La formation a lieu en salle INFO 8, qui est située dans le bâtiment principal (cliquez sur « Plan du domaine Rockefeller » pour visualiser les lieux), au premier étage au niveau de l'aile C. Il est conseillé de monter au premier étage directement en prenant le grand escalier extérieur qui mène à l'accueil puis de prendre le couloir de droite (qui passe du côté de l'aile D puis arrive à l'aile C). Le couloir des salles informatiques est bien identifié, sur la droite en arrivant depuis le couloir. Des PC portables sous Linux et sous Windows (les deux OS seront utiles pour la formation) et les comptes informatiques vous permettant de vous connecter sont fournis. Il y a un restaurant universitaire sur le site ainsi qu'une cafétéria universitaire.

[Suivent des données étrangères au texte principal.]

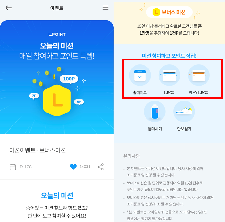 - 물마시기 이벤트는 하루 4번 4시간 간격으로 클릭해야하고 만보걷기도 힘들어
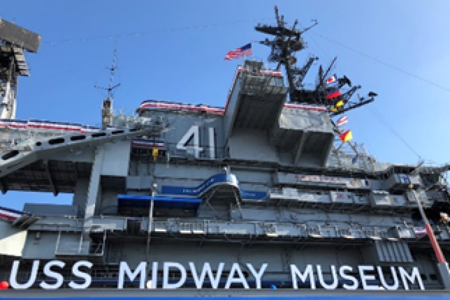 Tàu sân bay USS Midway- có hải trình phục vụ 47 năm, là mẫu hạm phục vụ lâu nhất của quân đội Mỹ trong thế kỷ 20, từ cuối chiến tranh TG II cho đến cuộc chiến giải phóng Kuwait 1991, trước khi "về hưu" vào năm 1992. (Tham quan chụp hình bên ngoài).

Le planning de la formation est le suivant.

  • Lundi
    • 8 h - 11 h : introduction à Linux et au shell (Anne-Sophie Denommé-Pichon)
    • 11 h - 12 h : TP de biostatistique (Pascal Roy)
    • 14 h - 17 h : bases de données de variations et de phénotypes (Jean Muller et Anne-Sophie Denommé-Pichon)
  • Mardi
    • 8h - 12 h et 14 h - 18 h : pipeline d'analyse de données NGS (des données brutes en sortie de séquenceur, jusqu'au fichier VCF) (Yannis Duffourd et Claire Bardel)
  • Mercredi
    • 8 h - 12 h : introduction à Python (Yannis Duffourd)
    • 14 h - 18 h : Propriétés des tests diagnostics, pronostics, ... (Muriel Rabilloud)
  • Jeudi
    • 8 h - 12 h : genome browsers et IGV (Aurélien Trimouille et Kévin Yauy)
    • 14 h - 18 h : Introduction à la survie (Mathieu Fauvernier)
  • Vendredi :
    • 8h - 11h : intégrité des données, sécurité et réseau (Jérémie Roquet et Anne-Sophie Denommé-Pichon)
    • 11 h - 13 h et 14 h - 15 h : système de gestion de version (Jérémie Roquet et Anne-Sophie Denommé-Pichon)
    • 14h - 18 h : interprétation des variations génétiques en pathologie humaine (Antonio Vitobello)

Voici le lien vers les supports des enseignements de bioinformatique : https://cloud.u-bourgogne.fr/index.php/s/y6TmQC3QiGdCfFH. Le mot de passe vous a été communiqué par mail. Ces cours seront également consultables sur la plateforme Théia prochainement.

Deuxième semaine de cours

La deuxième semaine de cours devrait se dérouler à Lyon du 25 au 29 mai 2020. Elle est susceptible d'être reportée en fonction de la situation sanitaire. Cette semaine abordera notamment la thématique des données multiomiques et de l'intégration de données.

Évaluation

La FST sera évaluée par la rédaction d'un mémoire pour chacun des deux stages (ou un seul pour l'ensemble de l'année si le sujet est le même pour les deux stages) :

  • plus d'information sur la page mémoire
  • date limite de rendu du mémoire du premier semestre : 29 juin 2020
  • date limite de rendu du mémoire du second semestre : 5 octobre 2020

Une soutenance aura lieu fin octobre, dont la date sera communiquée ultérieurement. Elle se déroulera par visioconférence.